* Task statement
Give back all of the data exactly as it stands, with the pictures removed.

* Extracted material
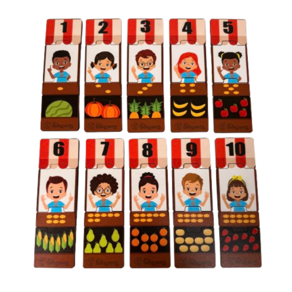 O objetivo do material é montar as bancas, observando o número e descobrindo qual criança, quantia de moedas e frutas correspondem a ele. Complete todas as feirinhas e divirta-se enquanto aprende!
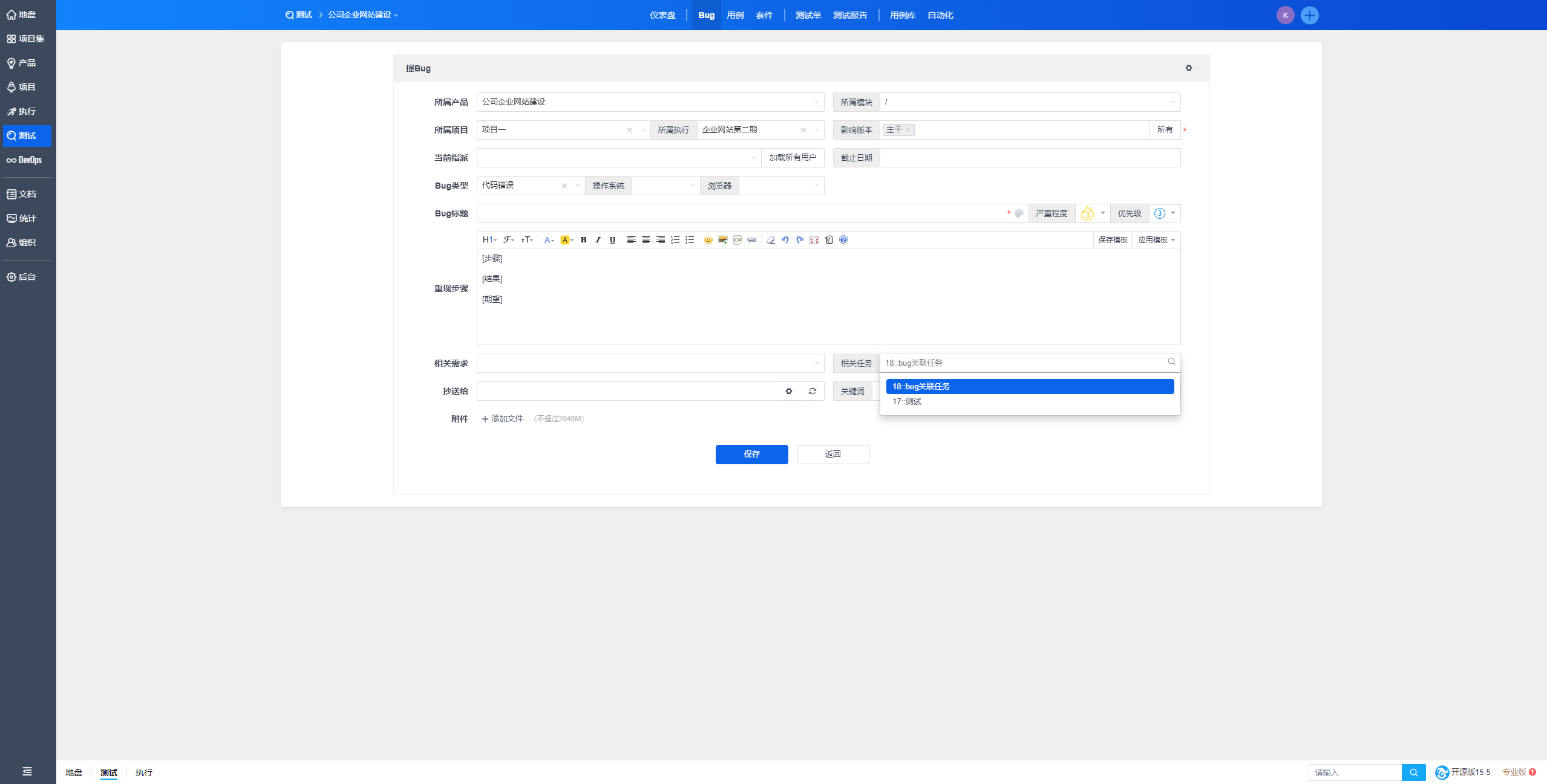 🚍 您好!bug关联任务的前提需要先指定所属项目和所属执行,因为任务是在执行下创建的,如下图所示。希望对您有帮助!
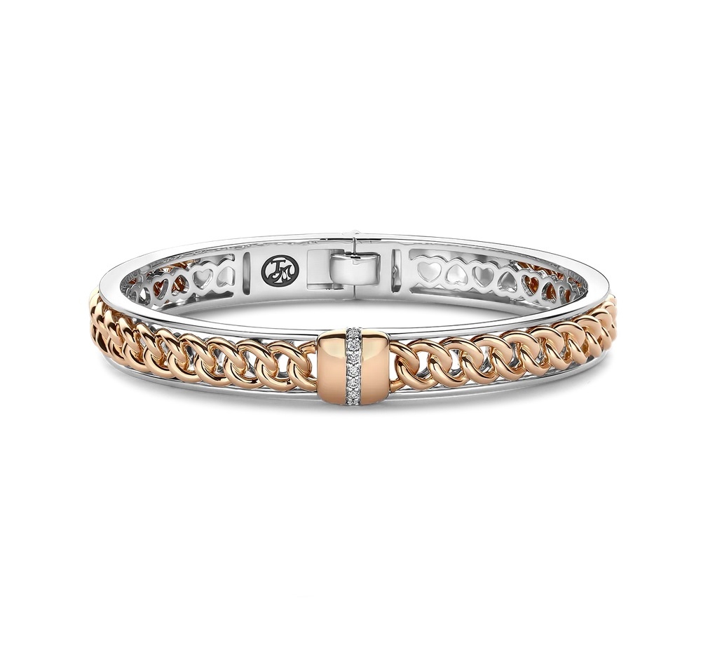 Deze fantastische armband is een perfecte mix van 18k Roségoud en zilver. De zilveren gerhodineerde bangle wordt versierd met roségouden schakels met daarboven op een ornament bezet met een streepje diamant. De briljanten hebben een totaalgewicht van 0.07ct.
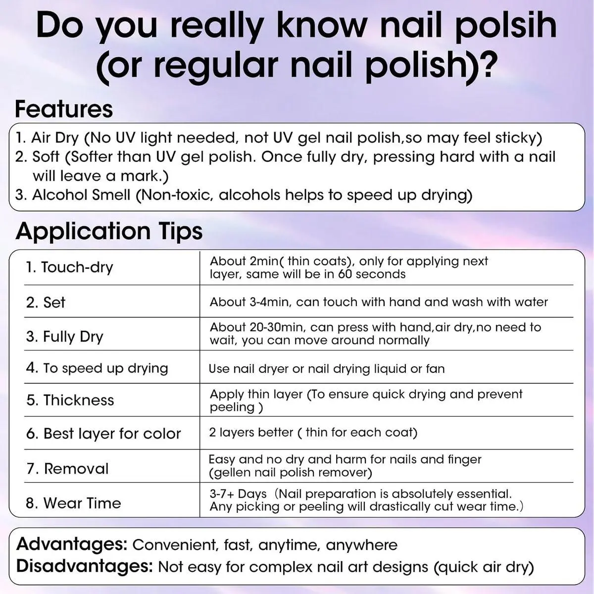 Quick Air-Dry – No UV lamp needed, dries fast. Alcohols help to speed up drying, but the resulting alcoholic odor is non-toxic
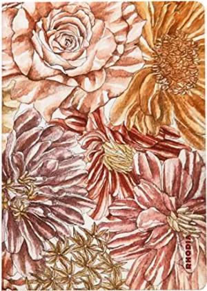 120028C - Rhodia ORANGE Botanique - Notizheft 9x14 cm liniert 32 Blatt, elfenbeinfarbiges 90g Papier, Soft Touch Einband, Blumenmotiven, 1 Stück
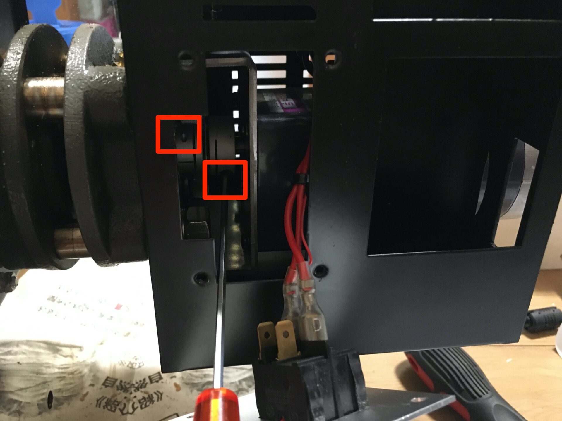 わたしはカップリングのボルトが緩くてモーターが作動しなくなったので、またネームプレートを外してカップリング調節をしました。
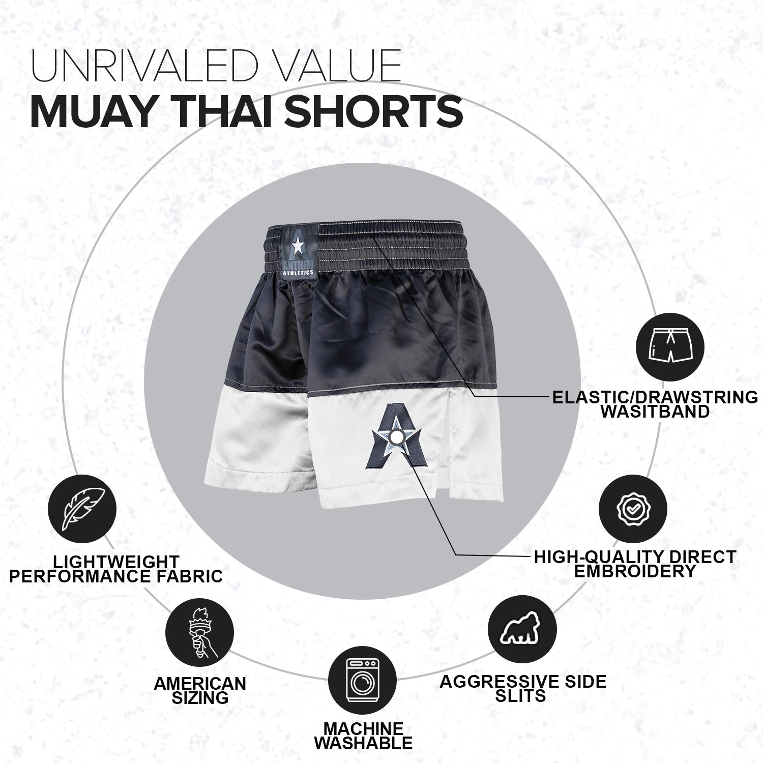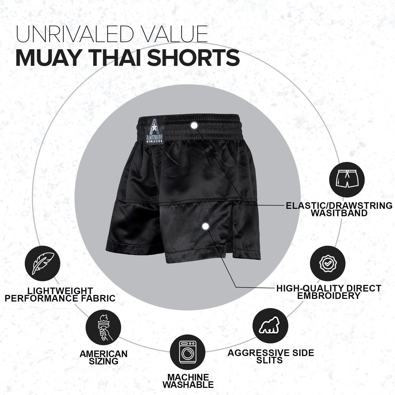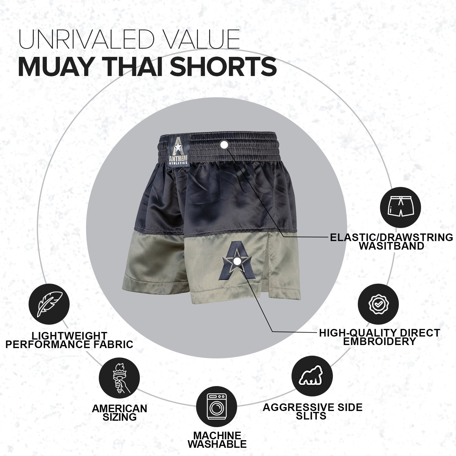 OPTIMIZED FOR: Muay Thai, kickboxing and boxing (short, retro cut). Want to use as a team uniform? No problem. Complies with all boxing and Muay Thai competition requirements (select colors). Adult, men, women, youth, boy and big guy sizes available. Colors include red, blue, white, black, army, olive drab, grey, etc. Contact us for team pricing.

* Solution below
 O objetivo do material é montar as bancas, observando o número e descobrindo qual criança, quantia de moedas e frutas correspondem a ele. Complete todas as feirinhas e divirta-se enquanto aprende!
 🚍 您好!bug关联任务的前提需要先指定所属项目和所属执行,因为任务是在执行下创建的,如下图所示。希望对您有帮助!
 Deze fantastische armband is een perfecte mix van 18k Roségoud en zilver. De zilveren gerhodineerde bangle wordt versierd met roségouden schakels met daarboven op een ornament bezet met een streepje diamant. De briljanten hebben een totaalgewicht van 0.07ct.
 Quick Air-Dry – No UV lamp needed, dries fast. Alcohols help to speed up drying, but the resulting alcoholic odor is non-toxic
 120028C - Rhodia ORANGE Botanique - Notizheft 9x14 cm liniert 32 Blatt, elfenbeinfarbiges 90g Papier, Soft Touch Einband, Blumenmotiven, 1 Stück
 わたしはカップリングのボルトが緩くてモーターが作動しなくなったので、またネームプレートを外してカップリング調節をしました。
 OPTIMIZED FOR: Muay Thai, kickboxing and boxing (short, retro cut). Want to use as a team uniform? No problem. Complies with all boxing and Muay Thai competition requirements (select colors). Adult, men, women, youth, boy and big guy sizes available. Colors include red, blue, white, black, army, olive drab, grey, etc. Contact us for team pricing.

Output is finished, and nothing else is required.